3. Waverly. 28. Friendship Ended After Three Years.
“When I was single, my friend and I were fine. I can’t think of one fight that we ever had. When I got with my [now] husband, it was a little awkward; I thought we just needed to adjust things a bit. When that girl paid for her bridesmaid dress at the last minute, was a no-show at the rehearsal dinner, and came late to the wedding, and then was passive-aggressive the entire day — she didn’t wish me well, and I knew it. I waited until a few months to see if things would get better, but she barely called and had an attitude when she did.
"My husband said, ‘We can’t have people around who aren’t happy for us’ and I agreed. I tried to talk to her about it, and she kept saying we could talk later. Later turned into never. My number has changed, and I am fine with that.”
4. Mycah. 40. Friendship Ended After 9 Years.
“Have you ever had a friendwho refuses to apologize but they want you to do it all of the time? They can do big s-it, and you should overlook it, but if you accidentally hang up on them while they’re in mid-sentence, they’re going to hold a grudge until you acknowledge it? That’s what my former best friend was like. Your best friend shouldn’t be so emotionally high-maintenance that you feel like you have to walk on eggshells just to keep the peace.
"Pretty much all of my other friendships are way easier and, at 40, if it’s going to be more difficult than it needs to be, I don’t want it — especially when it comes to dealing with other people.”
5. Chell. 26. Friendship Ended After Five Years.
“Don’t date a friend unless you both are on the same page about it. I lost my best guy friend because I developed feelings for him, and he was physically attracted to me. We decided to see if we could date, but I was emotionally ‘ahead’ of him. So when things turned sexual, I started to want something more, and he just wanted us to remain friends who had sex.
"I began to resent him, and that made him pull back. About six months in, our friendship became a weight. We’re still cordial — even a step up from that. We’ll never be what we were. It wasn’t worth it.”
6. Brayleigh. 43. Friendship Ended After 10 Years.
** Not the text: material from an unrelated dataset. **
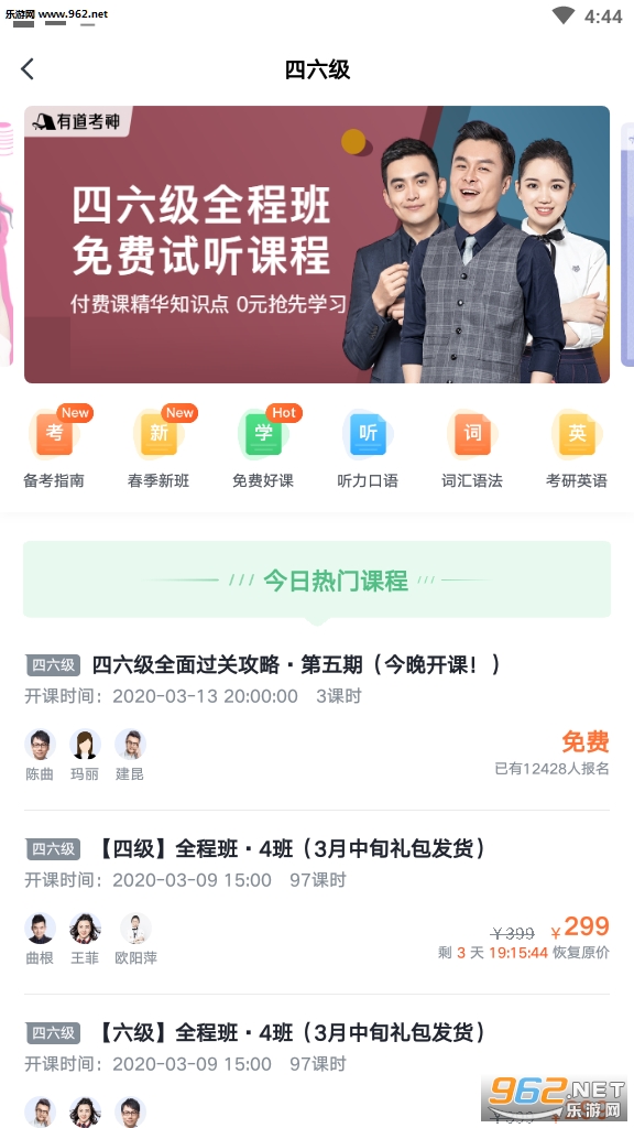 《有道学堂在线授课》是一款非常专业的掌上学习教育平台,帮助备考四六级的用户提供最好的线上教育模式,专业名师在线直播,海量的教学课件全部免费提供,有兴趣或者需要的快来962下载吧!

“I once had a very close girlfriend who just doesn’t take initiative. As long as I’m doing the calling, the planning of hanging out or taking girlfriend trips, she’s all about it — but if I am quiet and still, she can easily go weeks without us speaking. I know some people say that they can do friendship that way, but it annoys me; not just to do most of the work but that you think we should be each other’s closest reliable source and you’ll only connect with me if I put in the effort to connect with you.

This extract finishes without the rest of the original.